# TASK DETAILS
The whole listing needs to be written out exactly, except for any images.

# SUPPLIED RECORDS
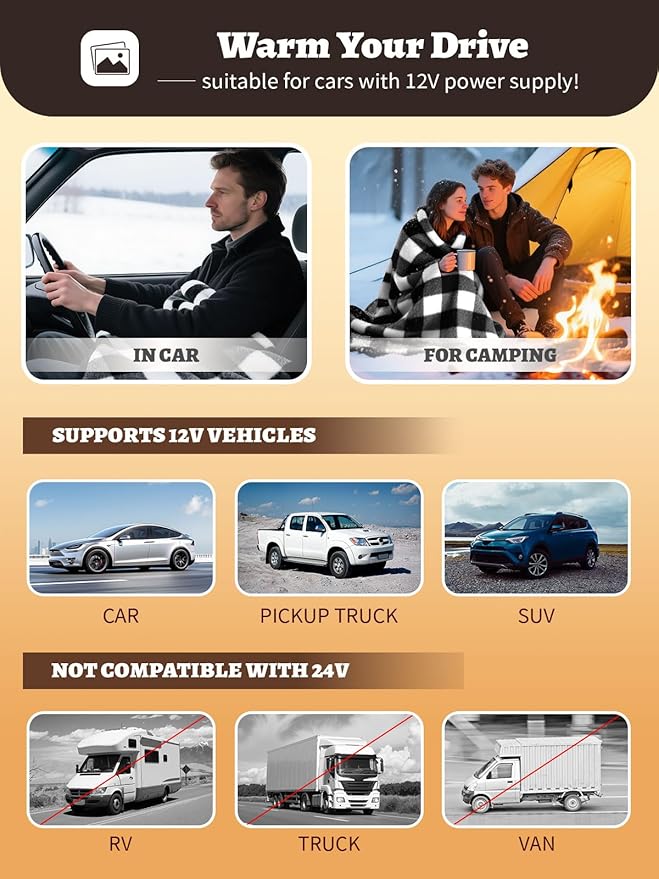 - A Great Gift:This electric blanket for car is an essential car stuff for winter travel and a perfect gift to express care during holidays such as Christmas and Thanksgiving. Whether for commuting, traveling, or camping, it allows your family or friends to feel this warmth and care during every winter journey
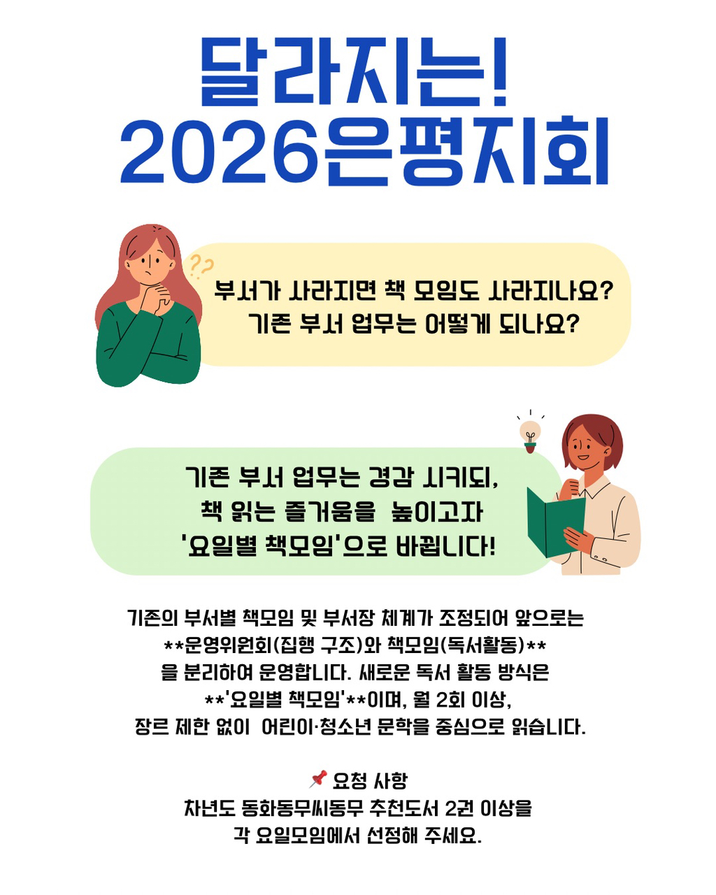 기존 부서별 책모임에서 ‘요일별 책모임’ 으로 전환됩니다.
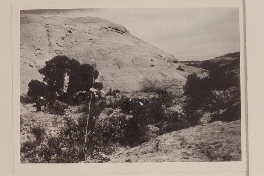 Across the northerly drainage into Lehi Creek to base camp of 1959. From Little Gray Mesa north of Lehi Canyon and east of the joint
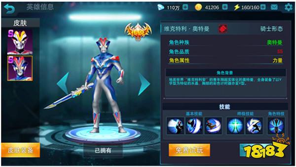 赛罗奥特曼无限形态皮肤:拥有皮肤之后,赛罗奥特曼可以直接从S等级变成SS等级,但是皮肤目前只能通过专属副本获得,所以难度还是有的。
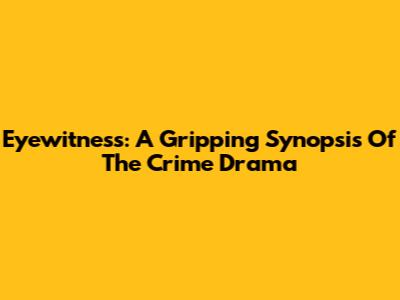 Eyewitness: A Gripping Synopsis Of The Crime Drama
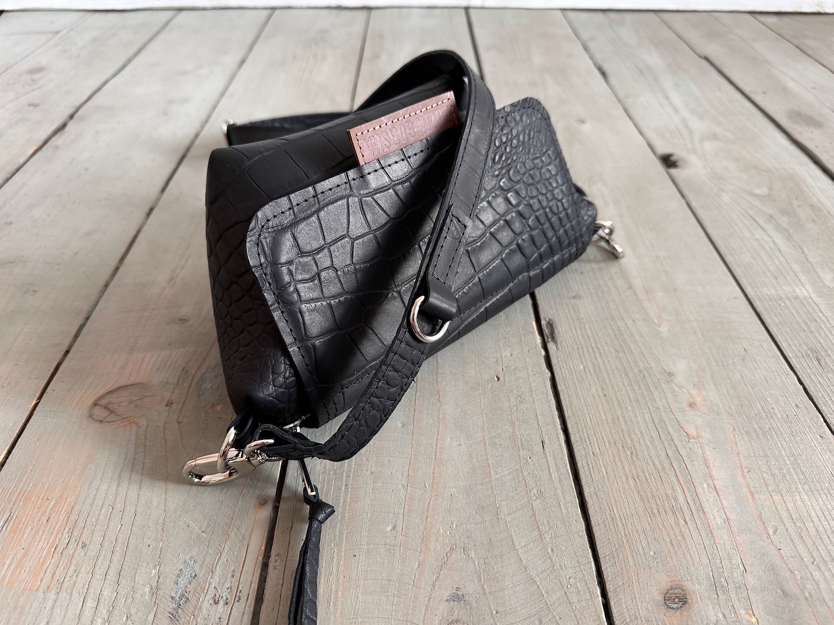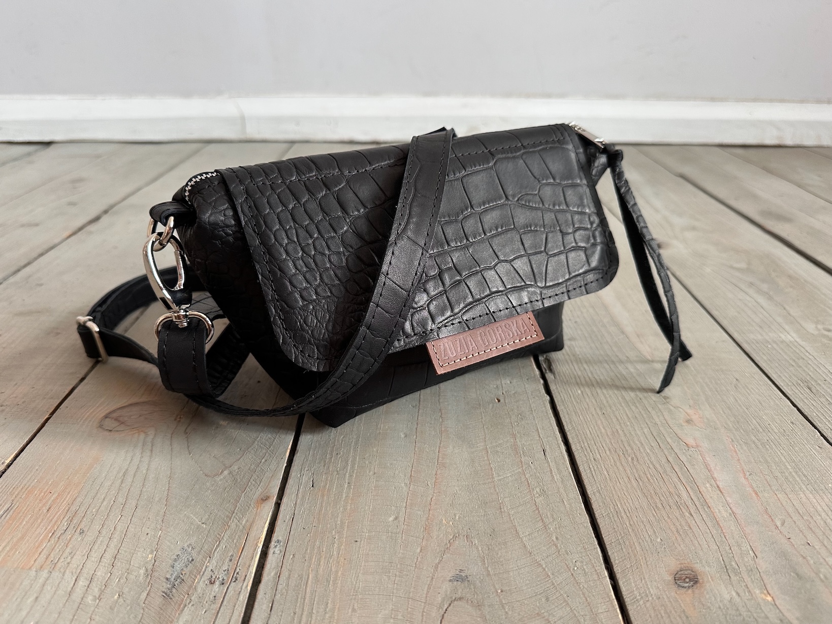 Uszyta ze skóry naturalnej licowej + bawełnianej podszewki.
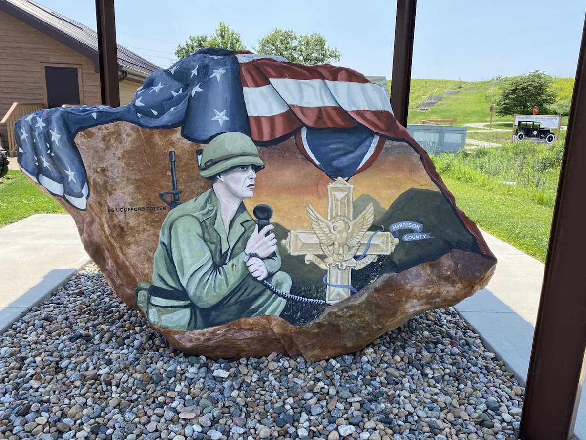 The Welcome Center is home to Harrison County’s Freedom Rock. Each county’s rock is tailored to reflect local heroes—from Medal of Honor recipients to WWII nurses to community members who served. This is a powerful, living tribute to U.S. veterans.

# TASK SOLUTION
 - A Great Gift:This electric blanket for car is an essential car stuff for winter travel and a perfect gift to express care during holidays such as Christmas and Thanksgiving. Whether for commuting, traveling, or camping, it allows your family or friends to feel this warmth and care during every winter journey
 기존 부서별 책모임에서 ‘요일별 책모임’ 으로 전환됩니다.
 Across the northerly drainage into Lehi Creek to base camp of 1959. From Little Gray Mesa north of Lehi Canyon and east of the joint
 赛罗奥特曼无限形态皮肤:拥有皮肤之后,赛罗奥特曼可以直接从S等级变成SS等级,但是皮肤目前只能通过专属副本获得,所以难度还是有的。
 Eyewitness: A Gripping Synopsis Of The Crime Drama
 Uszyta ze skóry naturalnej licowej + bawełnianej podszewki.
 The Welcome Center is home to Harrison County’s Freedom Rock. Each county’s rock is tailored to reflect local heroes—from Medal of Honor recipients to WWII nurses to community members who served. This is a powerful, living tribute to U.S. veterans.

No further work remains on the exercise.